Students’ answers to the 4th question evaluated along with their answers to other questions and their attitudes were tried to determine based on Kellert’s typologies. For example, let’s assume that two students list the names of the living things as the same and both wrote the honeybee first. Let us further assume that one student’s reason to write honeybee first was that “honeybees are living things that have important functions in nature.” The reason put forth by the other student was that “honeybees make honey for us.” In this case, according to Kellert’s typologies first student can be characterized as ‘ecologistic’ and the second as ‘utilitarian.’ All students’ answers were analyzed in this way and the data were tabulated. Some data are presented in Table 3.
Creating CFBPN model
In this study, we developed a cascade-forward back-propagation network (CFBPN) model. The CFBPN model is structurally very similar to the FFANN model. Every neuron at input and hidden layers are connected to each other. In addition, all input layer neurons and output layer neurons have direct connections with each other. While the hidden layer takes data only from the input layer, the output layer takes data from both the input layer and the hidden layer. According to Filik and Kurban (2007) the fact that input layer (independent variables) and the output layer (dependent variables) is connected provides CFBPN model some advantages over the FFANN model in some cases.
To test the proposed ANN model collected data were divided into two groups as training data and test data. Training data were used to develop the ANN model. Test data were not used in training, they were used to verify and test the ANN model.
The model started training with the randomly chosen weight matrix. Then, results from the output layer compared to expected results and a back propagation error value is defined. This error value is back propagated in the network and weights were rearranged. This process continued until there is minimum error value or there is no change in weights. In addition, number of neurons hidden layer should have was determined to be able to obtain appropriate results. There is not a definite method of determining the number of neurons hidden layer should have. It has been determined through trial and error depending on researcher experience. The number of neurons in input and output layers is determined according to number of dependent and independent variables. Since listing names of five living things is the independent variable, there are 25 neurons in the input layer to represent this listing. Since there are four attitudinal typology types determined, there are four neurons in the output layer to represent this. Table 4 shows how the data in Table 3 were coded to train our network.
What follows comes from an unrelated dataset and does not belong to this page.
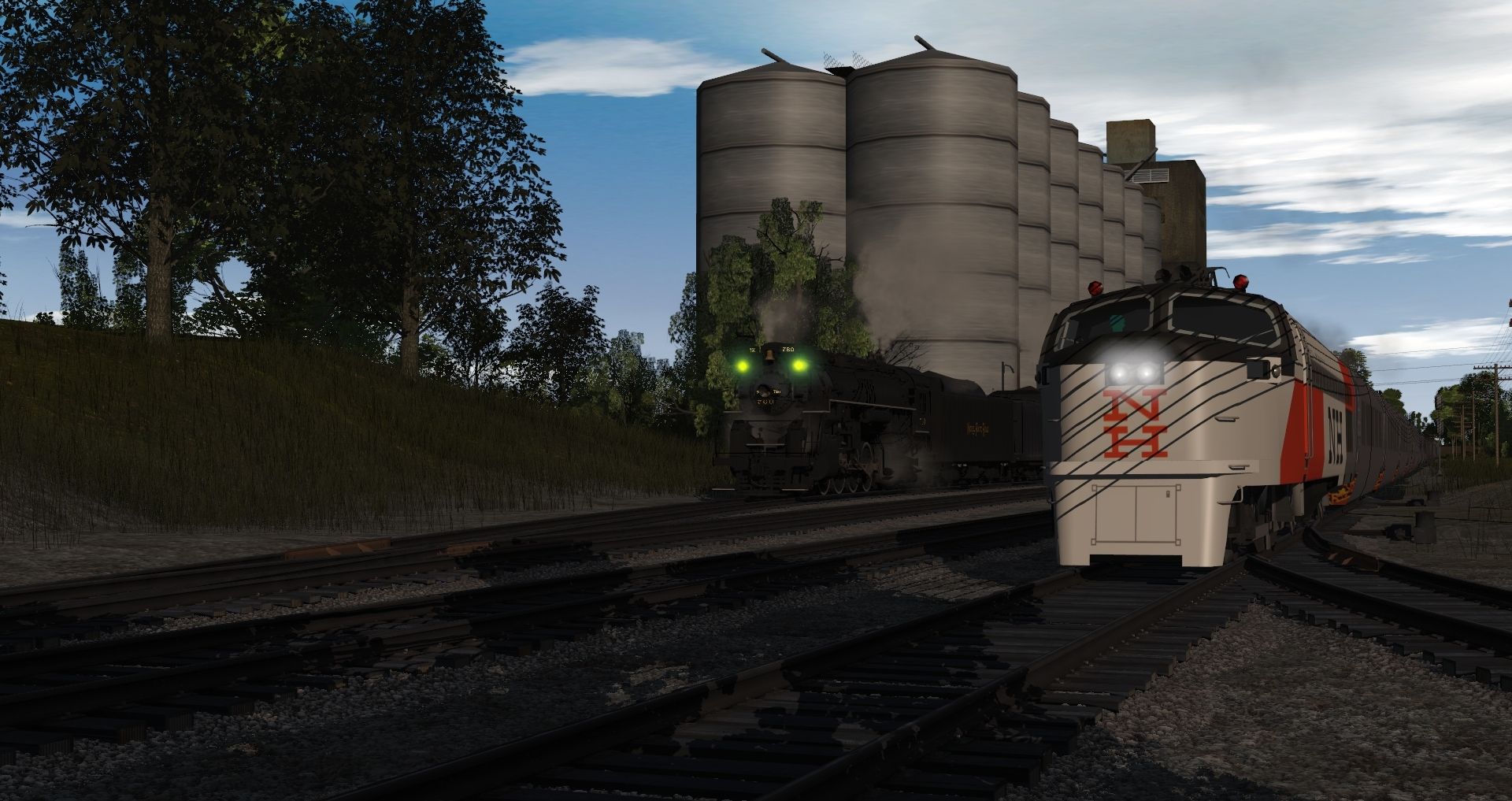Tags: Trainz Railroad Simulator 2019, Midwestern Branch - TRS19, Default, NH 3000 Dan'l Webster Locomotive Updated, MWB Ex OSL Mk-Special Engine (1920) Post Whistle, NKP S-2, NKP S-2 Weathered, MWB I-2c 2-8-2 Postwar, MWB Ex UP Mk-Special 10K Gallon Tender (Late), NKP 40' Boxcar, NKP S-2 Tender, NKP S-2 Tender Weathered, NKP Caboose 400 Series, NH 3000 Dan'l Webster Coach C

As the set of species contained in the research problem is given to the students in the following sequence as “rat, nettle, mushroom, honey bee, and daisy”, the same sequence has also been used in coding. For each species, a vector containing four ‘0’ and one ‘1’ has been used. Therefore, the code used by a student to list these five species is a vector consisting of 25 bits. For example, when the following sequence as ‘nettle-honey bee-daisy-mushroom-rat’ is coded, (01000) in the first order for nettle, (00010) in the second order for honey bee, (00001) in the third order for daisy, (00100) in the fourth order for mushroom, and (10000) in the fifth order for rat are entered, respectively. In other words, the complete sequence is coded as the following: 0100000010000010010010000. Written in vector notation, it is the input vector: (0, 1, 0, 0, 0, 0, 0, 0, 1, 0, 0, 0, 0, 0, 1, 0, 0, 1, 0, 0, 1, 0, 0, 0, 0).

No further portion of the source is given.